* **Available data**:
※
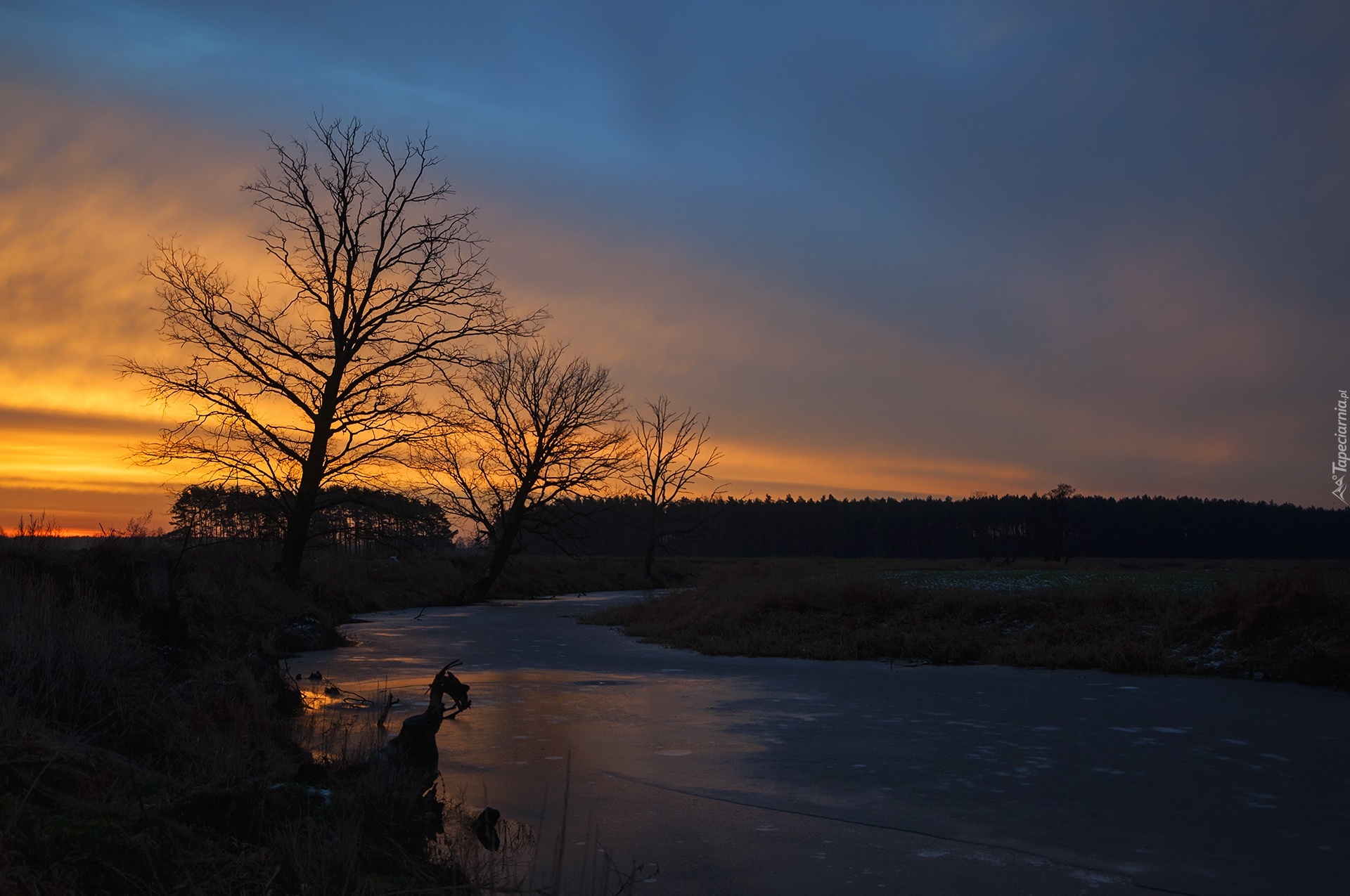Edytor tapety: Poranek, Wschód, Woda, Rzeka, Staw, Rogalin
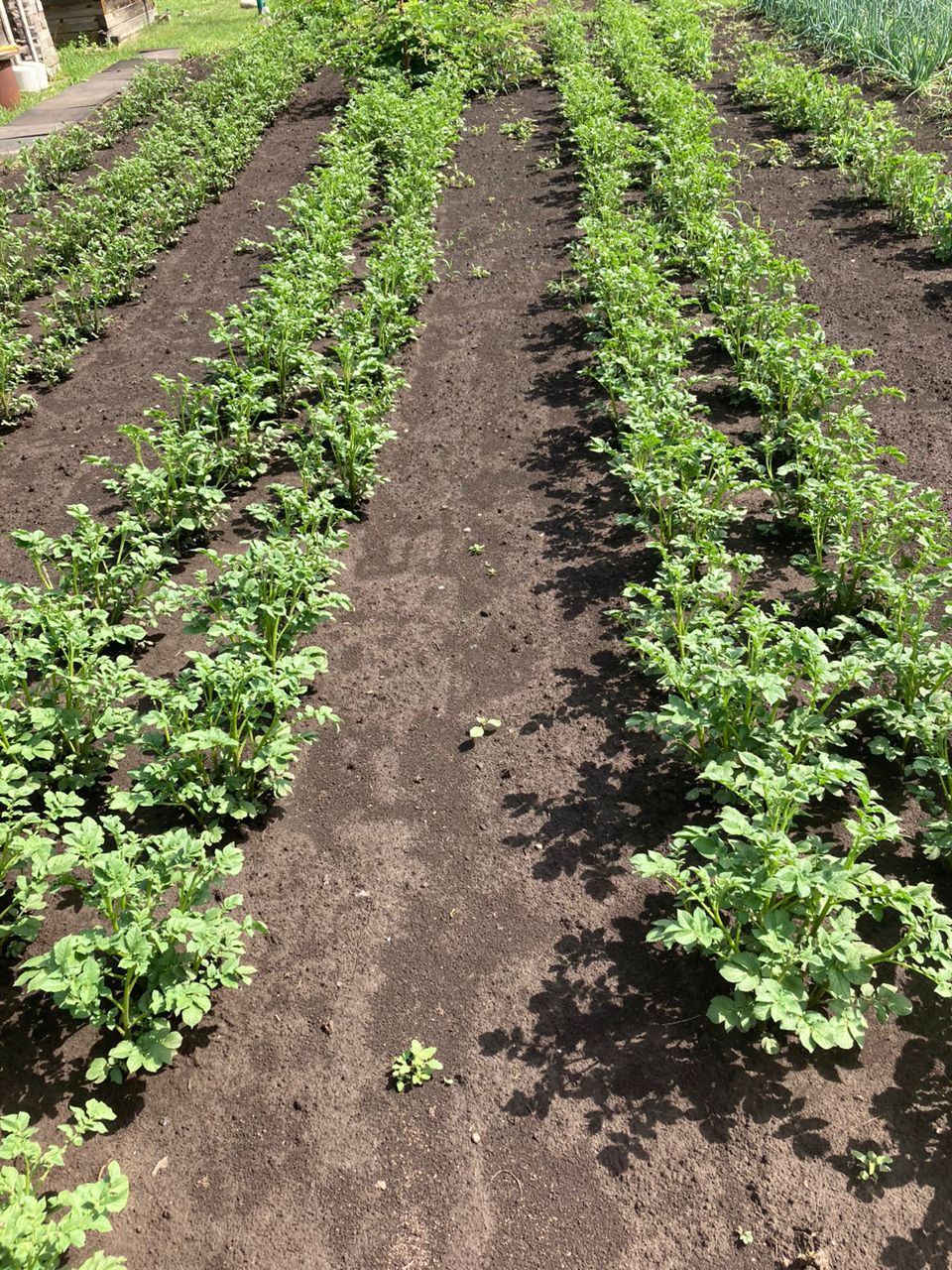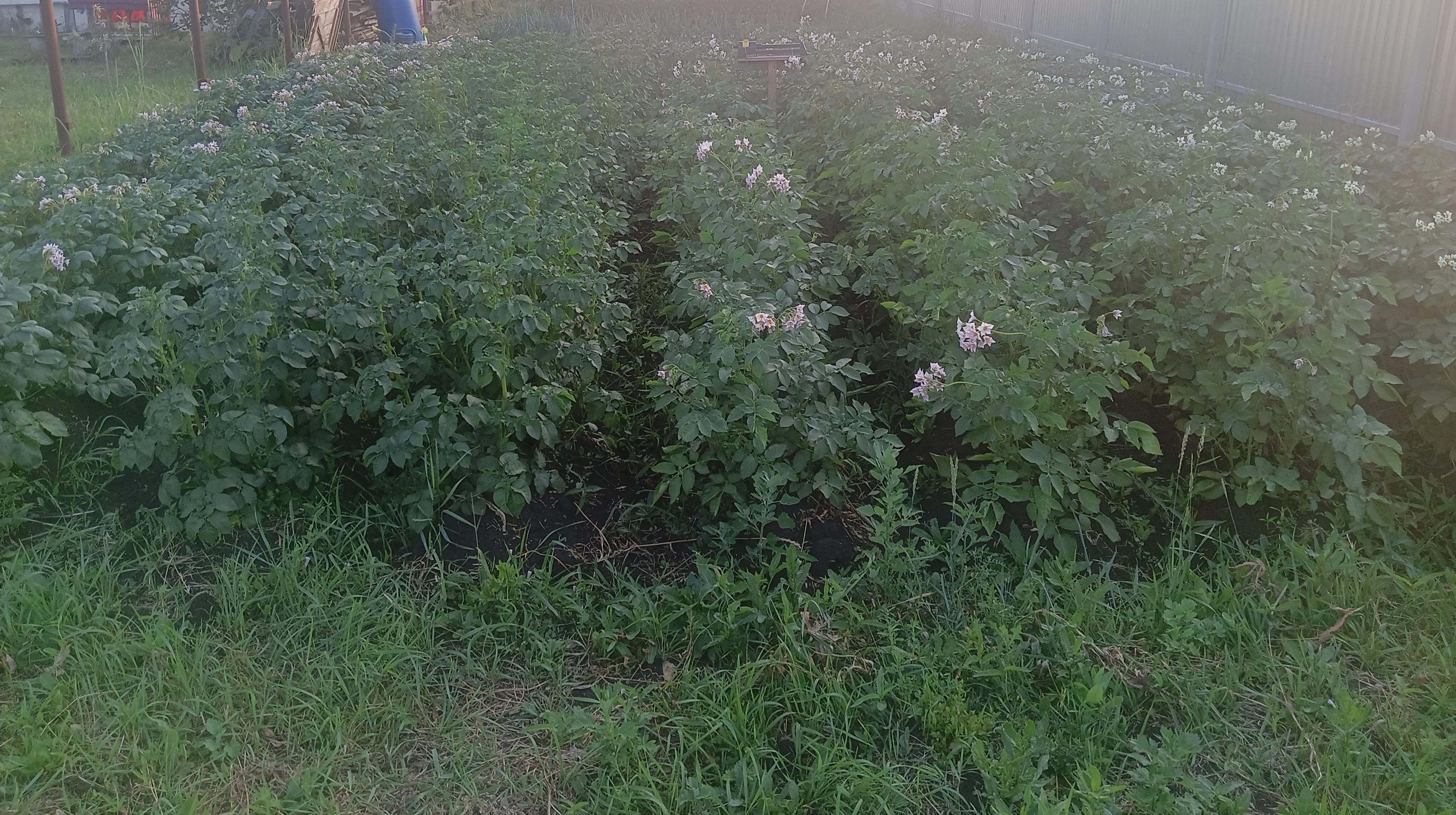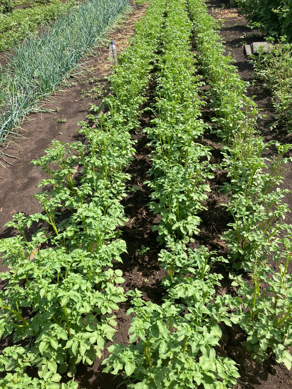 Слева направо Фламинго (2 ряда), Михайловский(2), Кумач(3), Азарт(2). У нас полтора месяца была засуха, был один только дождь, сейчас пришел фронт и начался второй. При первом окучивании земля была как асфальт, пришлось междурядья культиватором проходить. Но картошка выглядит неплохо.
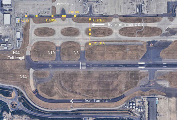 There are also five ground reporting points before reaching the runway -- HANLI, DASSO and VIKAS for aircraft coming from Terminal 5 and OSTER and HORKA for aircraft coming from the rest of the airfield.
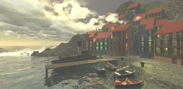 I'm new on this forum (but not so new to bryce). Here's my latest render : a little harbor. Any comments are welcome. (And, by the way, please excuse me if I make grammar mistakes, since english isn't my native language)
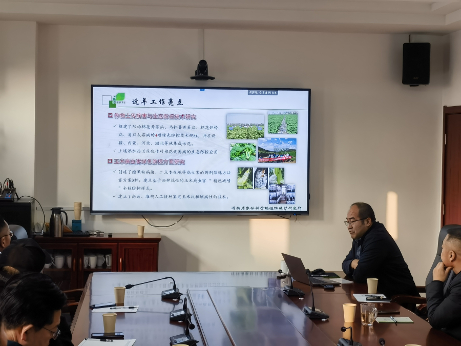 2023年2月15日,新疆农科院植保所所长郭文超研究员、总支书记李广阔研究员等一行六人到我院植保所联合开展“新征程心使命 新担当新作为”主题党日活动并进行工作座谈交流。中国农科院研究生院原党委副书记、副院长陈万权研究员,植保所党总支书记、所长马平,副所长陈书龙、蔡春锡、郭庆港及有关专家参加了座谈。
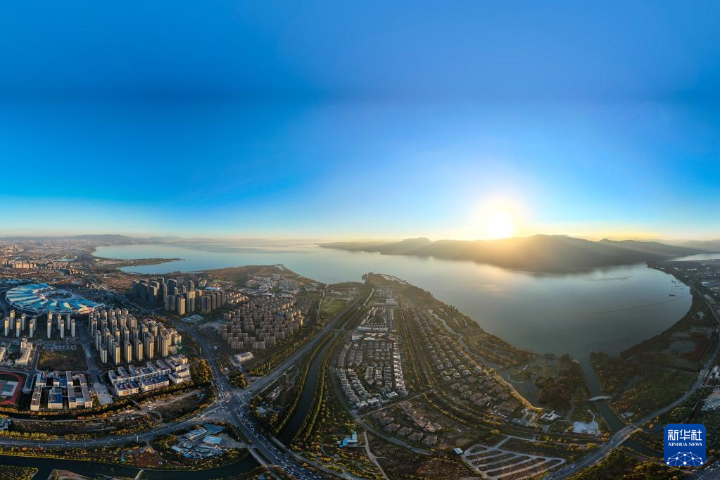 12月10日拍摄的滇池一景(无人机全景照片)。
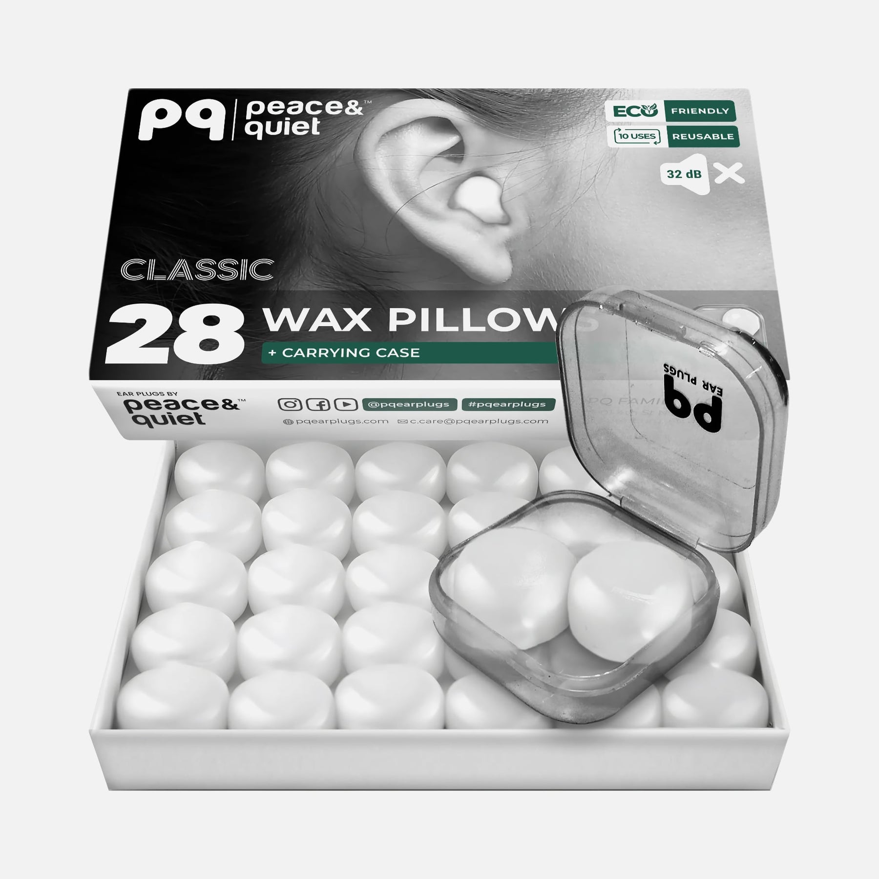 每盒含 28 颗蜡塞,可分半使用,最多可达 280 次使用量,并附带便携收纳盒,保持耳塞清洁,随时可用。
※
* **Work request**:
Your copy should hold exactly the lines from the line containing "12月10日拍摄的滇池一景(无人机全景照片)。" through the last line of the listing above, both included, and no pictures.

* **Response**:
 12月10日拍摄的滇池一景(无人机全景照片)。
 每盒含 28 颗蜡塞,可分半使用,最多可达 280 次使用量,并附带便携收纳盒,保持耳塞清洁,随时可用。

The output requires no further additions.